> [WHAT THIS TASK INVOLVES]: The line containing "友達や家族、恋人に♪たこ焼き", plus every line that follows it to the end of the listing below, is what you transcribe exactly; omit all pictures.
═════ DATA FOR REVIEW ═════
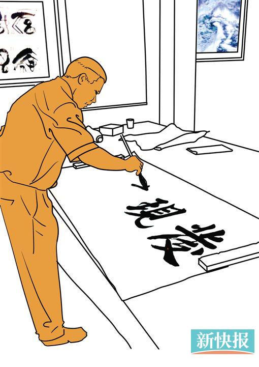 ●黄强除了扮演邓小平,平时还会学习书法,去年他还拜书国内书画家王海军先生为师,他觉得这是一种修身养性之举。图为黄强为本报栏目留下了“发现广州,惟善为美”的墨宝。
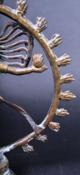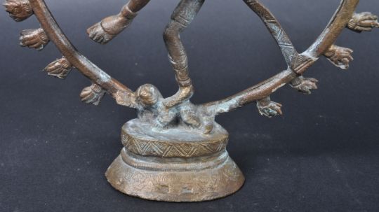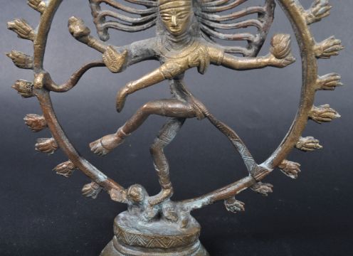 An early 19th Century bronze figure depicting Nataraja, Hindu god Shiva, performing the tandava natyam dance, trampling Apasmara (the dwarf of ignorance).The figure standing on one leg with four arms holding sacred objects in a ring of fire raised on stepped lotus base. Condition; age related wear & tarnishing to be expected but no signs of major damage or repair. Measures approx; 21cm x 20cm.
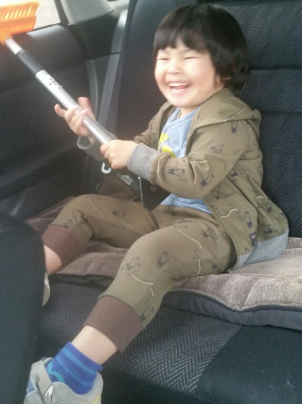 車内で見つけた車用の雪かきする棒を見つけてものすごい喜んでいる息子さん← 何がそんなに楽しいんだ(笑) でも、楽しそうで何よりだよ、母は。
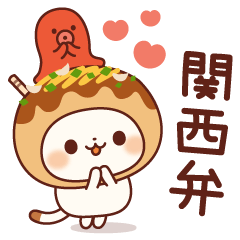 友達や家族、恋人に♪たこ焼きをかぶった可愛いネコさんによるコテコテの関西弁スタンプです!毎日のちょっとしたやり取りなど日常会話にとっても便利です。(白猫)
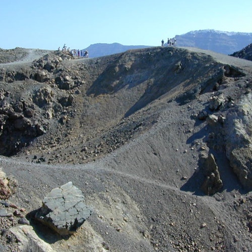 Rejs wokół kaldery Santorini, wędrówka po wulkanie, kąpiel w gorących źródłach i druga kąpiel w pobliżu Thirassia, a wszystko to podczas podziwiania oszałamiającego wulkanicznego krajobrazu wyspy.
═════
> [SOLVED PROBLEM]:
 友達や家族、恋人に♪たこ焼きをかぶった可愛いネコさんによるコテコテの関西弁スタンプです!毎日のちょっとしたやり取りなど日常会話にとっても便利です。(白猫)
 Rejs wokół kaldery Santorini, wędrówka po wulkanie, kąpiel w gorących źródłach i druga kąpiel w pobliżu Thirassia, a wszystko to podczas podziwiania oszałamiającego wulkanicznego krajobrazu wyspy.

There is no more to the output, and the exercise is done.